Followup to: Bayesian Flame.

This post is a chronicle of my attempts to understand Cyan's #2. (Bayesian Flame was an approximate parse of #1.) Warning: long, some math, lots of links, probably lots of errors. At the very least I want this to serve as a good reference for further reading.

Introduction

To the mathematical eye, many statistical problems share the following minimal structure:

A space of parameters. (Imagine a freeform blob without assuming any metric or measure.)
A space of possible outcomes. (Imagine another, similarly unstructured blob.)
Each point in the parameter space determines a probability measure on the outcome space.

By itself, this kind of input is too sparse to yield solutions to statistical problems. What additional structure on the spaces should we introduce?

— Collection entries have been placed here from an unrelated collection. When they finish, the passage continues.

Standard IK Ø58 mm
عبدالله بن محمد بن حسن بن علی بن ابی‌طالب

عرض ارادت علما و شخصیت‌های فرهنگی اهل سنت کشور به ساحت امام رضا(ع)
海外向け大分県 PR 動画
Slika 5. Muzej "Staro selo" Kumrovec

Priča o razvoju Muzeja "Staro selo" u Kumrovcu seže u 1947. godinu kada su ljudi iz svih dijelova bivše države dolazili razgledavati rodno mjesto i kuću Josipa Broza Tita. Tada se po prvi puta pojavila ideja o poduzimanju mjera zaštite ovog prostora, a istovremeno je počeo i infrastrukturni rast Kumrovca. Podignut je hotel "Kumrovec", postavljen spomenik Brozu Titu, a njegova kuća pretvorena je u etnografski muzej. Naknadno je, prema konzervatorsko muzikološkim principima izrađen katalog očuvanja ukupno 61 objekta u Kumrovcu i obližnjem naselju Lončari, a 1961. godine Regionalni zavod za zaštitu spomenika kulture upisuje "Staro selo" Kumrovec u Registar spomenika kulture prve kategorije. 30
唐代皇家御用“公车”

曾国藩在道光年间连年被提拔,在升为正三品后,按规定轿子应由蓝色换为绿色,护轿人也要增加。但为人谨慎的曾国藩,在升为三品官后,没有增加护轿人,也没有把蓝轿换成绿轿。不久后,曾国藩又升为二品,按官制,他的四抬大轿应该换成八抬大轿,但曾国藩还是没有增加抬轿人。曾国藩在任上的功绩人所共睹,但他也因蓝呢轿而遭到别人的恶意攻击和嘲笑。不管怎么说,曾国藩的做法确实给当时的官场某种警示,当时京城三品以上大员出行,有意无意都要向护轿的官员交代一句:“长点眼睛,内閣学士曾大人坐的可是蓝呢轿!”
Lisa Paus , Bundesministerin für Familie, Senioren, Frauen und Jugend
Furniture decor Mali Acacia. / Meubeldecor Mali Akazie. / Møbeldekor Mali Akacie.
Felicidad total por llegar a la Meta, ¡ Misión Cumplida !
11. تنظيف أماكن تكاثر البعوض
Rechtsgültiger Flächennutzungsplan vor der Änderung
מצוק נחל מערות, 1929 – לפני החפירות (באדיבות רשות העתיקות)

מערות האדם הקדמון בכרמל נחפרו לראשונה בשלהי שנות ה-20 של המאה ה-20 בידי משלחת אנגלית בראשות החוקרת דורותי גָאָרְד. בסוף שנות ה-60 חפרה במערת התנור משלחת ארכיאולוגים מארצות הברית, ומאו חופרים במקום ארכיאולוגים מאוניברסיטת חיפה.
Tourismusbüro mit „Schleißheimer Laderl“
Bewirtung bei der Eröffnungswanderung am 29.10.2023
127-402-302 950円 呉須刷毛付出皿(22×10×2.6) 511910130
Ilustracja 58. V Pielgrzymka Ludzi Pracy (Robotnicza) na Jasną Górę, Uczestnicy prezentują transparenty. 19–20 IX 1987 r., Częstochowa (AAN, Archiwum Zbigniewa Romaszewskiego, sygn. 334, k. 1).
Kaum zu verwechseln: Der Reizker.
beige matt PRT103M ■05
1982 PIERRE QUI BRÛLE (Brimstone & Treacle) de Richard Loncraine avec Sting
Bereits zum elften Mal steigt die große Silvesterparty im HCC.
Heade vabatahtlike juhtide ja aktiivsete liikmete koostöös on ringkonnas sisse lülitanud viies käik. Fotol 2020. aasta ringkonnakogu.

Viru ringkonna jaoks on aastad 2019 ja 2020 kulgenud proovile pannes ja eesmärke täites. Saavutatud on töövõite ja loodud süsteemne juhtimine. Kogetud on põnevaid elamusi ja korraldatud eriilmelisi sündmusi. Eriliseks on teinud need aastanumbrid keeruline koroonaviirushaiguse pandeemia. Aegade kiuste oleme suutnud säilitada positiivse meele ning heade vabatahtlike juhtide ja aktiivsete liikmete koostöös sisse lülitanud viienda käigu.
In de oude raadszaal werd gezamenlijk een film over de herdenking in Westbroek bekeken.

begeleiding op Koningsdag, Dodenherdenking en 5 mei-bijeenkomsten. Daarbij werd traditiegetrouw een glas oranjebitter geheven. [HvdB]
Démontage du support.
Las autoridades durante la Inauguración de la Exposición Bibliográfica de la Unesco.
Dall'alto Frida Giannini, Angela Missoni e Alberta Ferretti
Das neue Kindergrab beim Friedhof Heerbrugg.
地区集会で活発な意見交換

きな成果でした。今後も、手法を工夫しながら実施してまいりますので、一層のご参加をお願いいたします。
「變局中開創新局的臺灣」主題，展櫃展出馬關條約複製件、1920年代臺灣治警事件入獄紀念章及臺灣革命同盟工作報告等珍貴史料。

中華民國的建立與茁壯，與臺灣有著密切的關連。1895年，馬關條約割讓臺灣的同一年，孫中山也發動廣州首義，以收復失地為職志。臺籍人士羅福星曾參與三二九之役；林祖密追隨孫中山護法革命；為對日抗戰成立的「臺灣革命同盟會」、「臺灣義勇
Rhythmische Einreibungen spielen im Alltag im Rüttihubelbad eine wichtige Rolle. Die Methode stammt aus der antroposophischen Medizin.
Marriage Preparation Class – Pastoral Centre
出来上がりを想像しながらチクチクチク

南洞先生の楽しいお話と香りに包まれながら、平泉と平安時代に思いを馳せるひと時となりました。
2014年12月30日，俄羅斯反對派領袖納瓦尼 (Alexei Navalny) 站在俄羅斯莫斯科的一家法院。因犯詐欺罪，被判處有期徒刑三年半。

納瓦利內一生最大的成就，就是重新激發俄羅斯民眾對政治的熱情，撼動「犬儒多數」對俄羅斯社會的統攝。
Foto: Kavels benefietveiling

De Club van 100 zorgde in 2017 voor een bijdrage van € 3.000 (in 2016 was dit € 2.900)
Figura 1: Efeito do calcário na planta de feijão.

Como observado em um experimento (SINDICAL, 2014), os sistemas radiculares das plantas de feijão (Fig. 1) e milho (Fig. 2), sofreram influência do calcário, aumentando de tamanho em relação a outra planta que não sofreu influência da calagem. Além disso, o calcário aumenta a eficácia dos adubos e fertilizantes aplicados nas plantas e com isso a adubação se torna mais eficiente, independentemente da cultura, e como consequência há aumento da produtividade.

The answer that we all know and love

Assuming some "prior" probability measure on the parameter space yields a solution that's unique, consistent and wonderful in all sorts of ways. This has led some people to adopt the "subjectivist" position saying priors are so basic that they ought not be questioned. One of its most prominent defenders was Leonard Jimmie Savage who put forward the following argument:

Suppose, for example, that the person is offered an even-money bet for five dollars - or, to be ultra-rigorous, for five utiles - that internal combustion engines in American automobiles will be obsolete by 1970. If there is any event to which an objectivist would refuse to attach probability, that corresponding to the obsolescence in question is one... Yet, I think I may say without presumption that you would regard the bet against obsolescence as a very sound investment.

This is a fine argument for using priors when you're betting money, but there's a snag: however much you are willing to bet, this doesn't give you grounds to publish papers about the future that you inferred from your intuitive prior! Any apriori information used in science should be justified for scientific objectivity.

(At this point Eliezer raises the suggestion that scientists ought to communicate with likelihood ratios only. That might be a brave new world to live in; too bad we'll have to stop teaching kids that g approximately equals 9.8 m/s² and give them likelihood profiles instead.)

Rather than dive deeper into the fascinating topic of "uninformative priors", let's go bac...